Anthony Townsend atownsend@cornell.edu
Fetches list of active routes from OneBusAway API via asynchronous http requests, then cycles through and fetches current vehicle positions for all buses operating on these routes. This avoids the poor performance of trying to grab the entire system feed from the BusTime API. Dumps full API response (for later reprocessing to extract additional data) to compressed individual files and most of the vehicle status fields to mysql table (the upcoming stop data is omitted from the database dump for now). Fully dockerized, runs on scheduler 1x per minute. Data storage requirments ~ 1-2 Gb/day (guesstimate).
-
clone the repo
git clone https://github.com/anthonymobile/nycbuswatcher.git
-
obtain API keys and put them in .env
API_KEY = fasjhfasfajskjrwer242jk424242' MAPBOX_API_KEY = pk.ey42424fasjhfasfajskjrwer242jk424242'
-
build and run the images
cd nycbuswatcher docker-compose up -d --build
-
clone the repo
git clone https://github.com/anthonymobile/nycbuswatcher.git
-
obtain an API key from http://bustime.mta.info/wiki/Developers/Index/ and put it in .env
echo 'API_KEY = fasjhfasfajskjrwer242jk424242' > .env
-
create the database (mysql only, 5.7 recommended)
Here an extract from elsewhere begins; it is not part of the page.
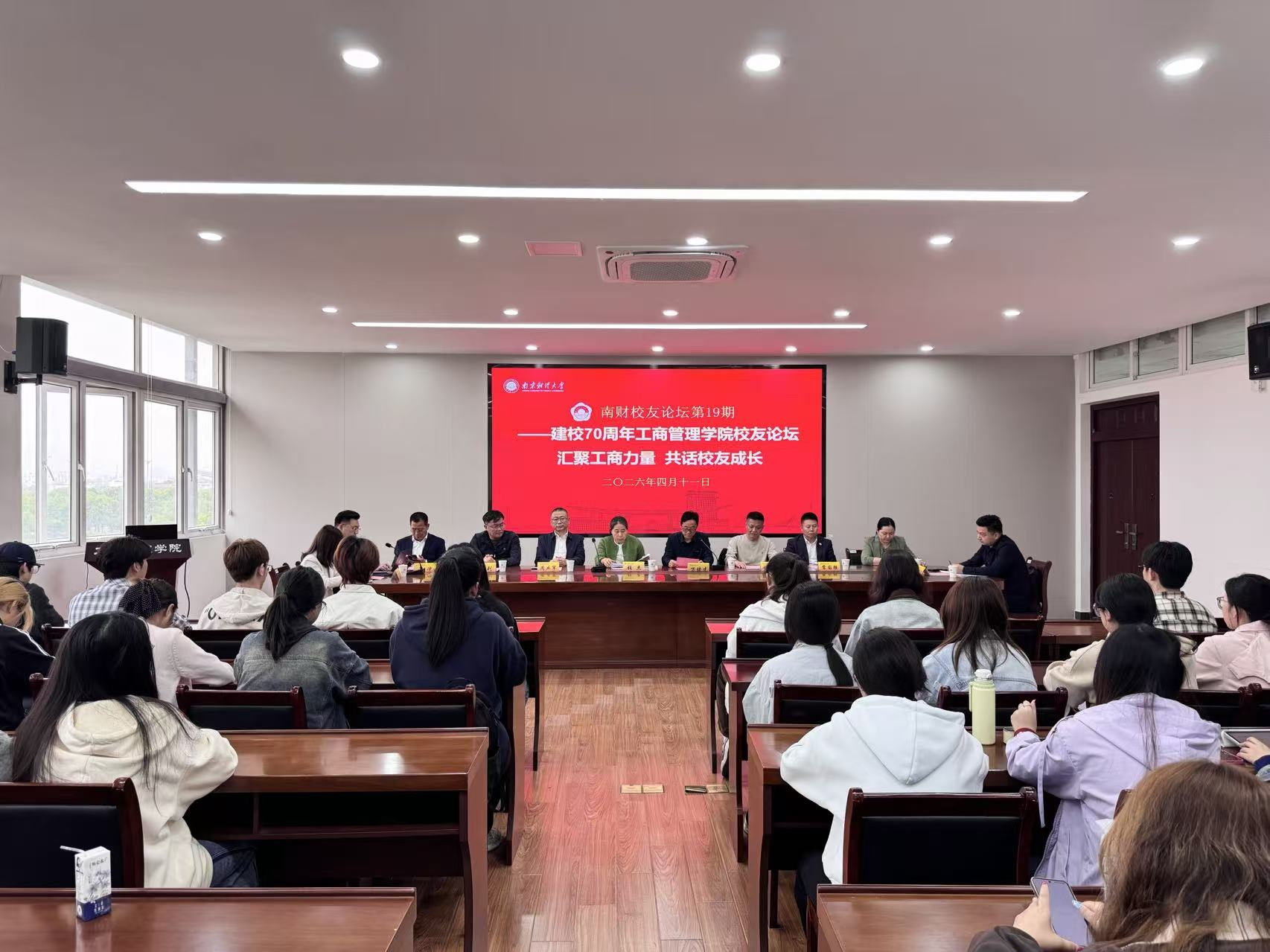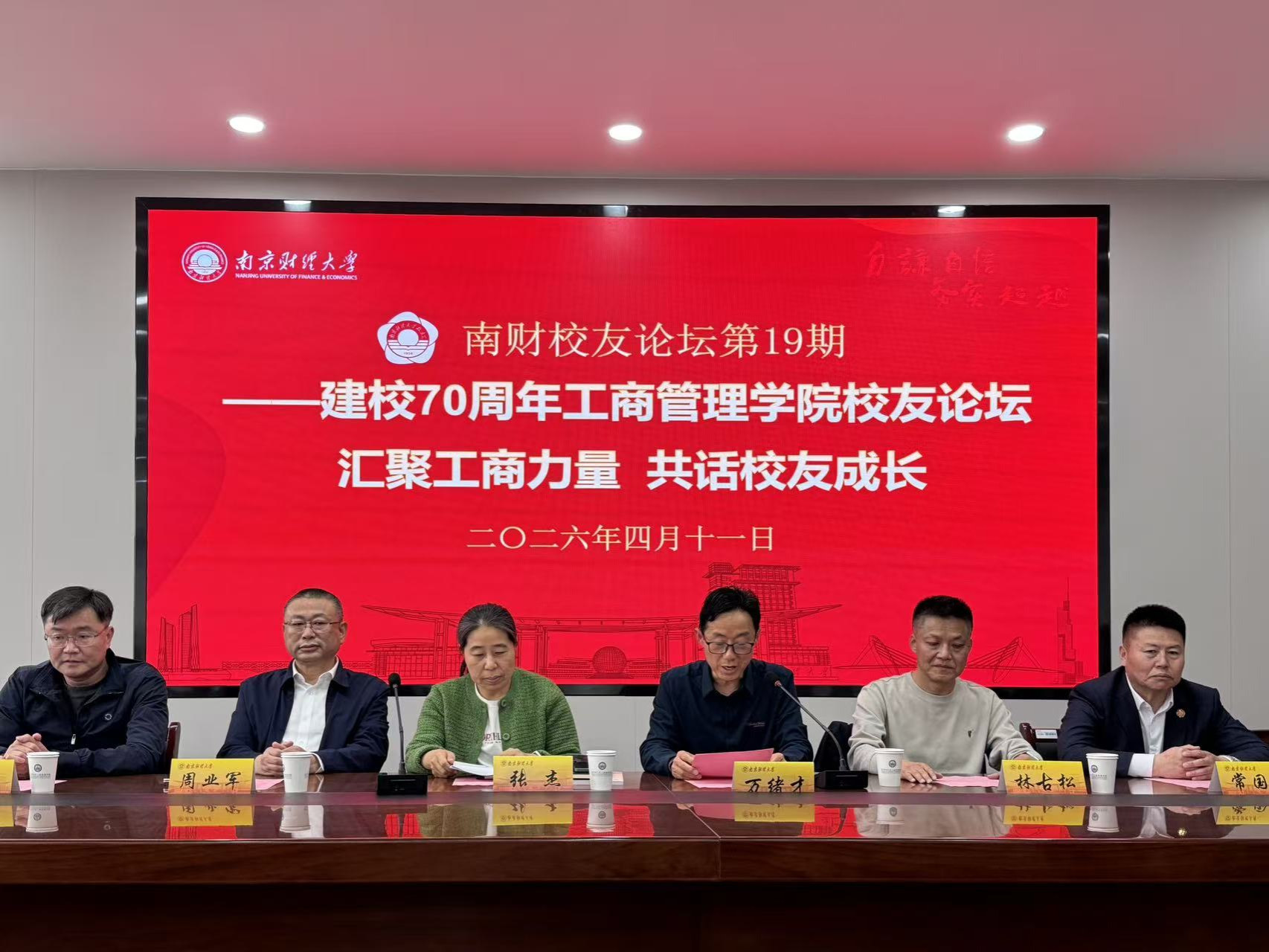 为喜迎南京财经大学建校70周年,凝聚校友力量、搭建交流平台、助力师生成长,4月11日下午,南财校友论坛第19期暨建校70周年工商管理学院校友论坛在德济楼408会议室举行。本次论坛以“汇聚工商力量,共话校友成长”为主题,学院领导、各地优秀校友代表齐聚一堂,共叙情谊、共商发展、共话未来。学院党委书记张杰、院长万绪才,校对外联络处副处长王冲等出席活动,企业管理86级、广西校友会副会长林古松,企业管理87级、吉林校友会副会长常国强,企业管理88级、广东校友会会长周业军,企业管理89级、宁波校友会会长翁列,企业管理93级、福建校友会常务副会长李锦华,人力资源管理01级、学院校友会秘书长邵瑾泽,工商管理05级、南通校友会秘书长鲁智胜等优秀校友代表应邀参会,活动由学院党委副书记尹海燕主持。

CREATE DATABASE buses; USE buses; CREATE USER 'nycbuswatcher'@'localhost' IDENTIFIED BY 'bustime'; GRANT ALL PRIVILEGES ON * . * TO 'nycbuswatcher'@'localhost'; FLUSH PRIVILEGES;
-
run
python grabber.py # development: run once and quit python grabber.py -p # production: runs in infinite loop at set interval using scheduler (hardcoded for now)
if you just want to test out the grabber, you can run export PYTHON_ENV=development; python grabber.py -l
and it will run once, dump the responses to a pile of files, and quit after throwing a database connection error. (or not, if you did step 3 in "manual" above)
Feel free to jump in and submit some pull requests.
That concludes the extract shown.